BEGIN EXTRACTED ENTRIES
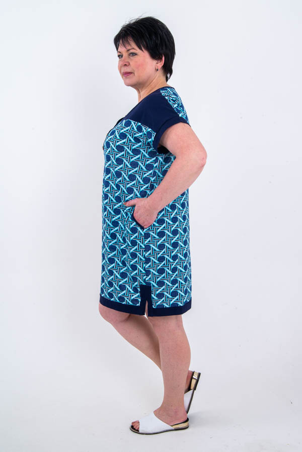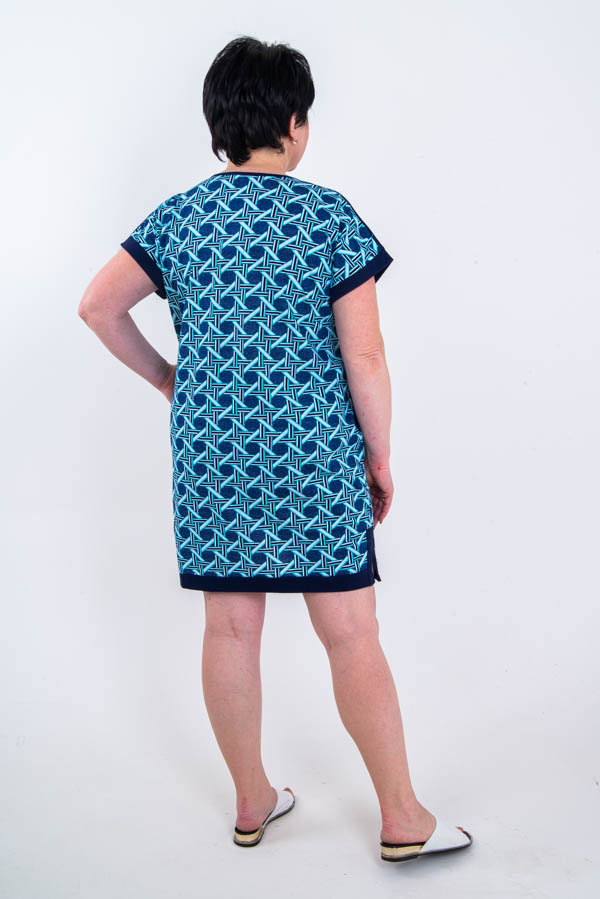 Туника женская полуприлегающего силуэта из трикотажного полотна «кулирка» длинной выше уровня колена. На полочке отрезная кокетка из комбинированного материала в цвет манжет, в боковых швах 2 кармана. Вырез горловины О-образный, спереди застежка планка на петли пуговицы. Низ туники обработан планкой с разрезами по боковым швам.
END EXTRACTED ENTRIES
BEGIN EXTRACTED ENTRIES
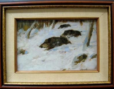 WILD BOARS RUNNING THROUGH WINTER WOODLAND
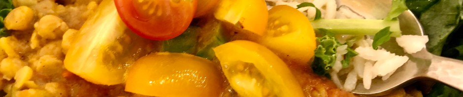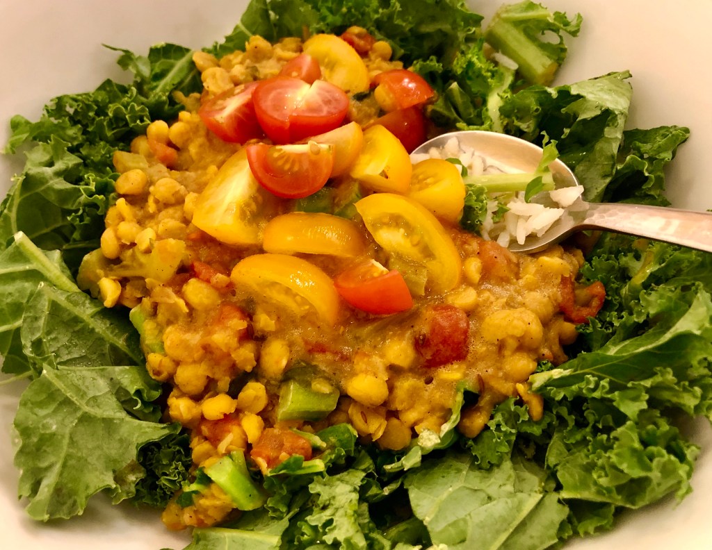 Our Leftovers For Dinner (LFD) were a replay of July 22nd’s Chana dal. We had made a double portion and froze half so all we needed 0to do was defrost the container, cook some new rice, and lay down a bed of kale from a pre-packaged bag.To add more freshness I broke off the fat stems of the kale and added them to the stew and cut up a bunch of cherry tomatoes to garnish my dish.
END EXTRACTED ENTRIES
EXERCISE DESCRIPTION => Of the lines above, copy only those from the one holding "WILD BOARS RUNNING THROUGH WINTER WOODLAND" to the one holding "Our Leftovers For", both included, and exclude every image.

OUTPUT OF THE EXERCISE =>
 WILD BOARS RUNNING THROUGH WINTER WOODLAND
 Our Leftovers For Dinner (LFD) were a replay of July 22nd’s Chana dal. We had made a double portion and froze half so all we needed 0to do was defrost the container, cook some new rice, and lay down a bed of kale from a pre-packaged bag.To add more freshness I broke off the fat stems of the kale and added them to the stew and cut up a bunch of cherry tomatoes to garnish my dish.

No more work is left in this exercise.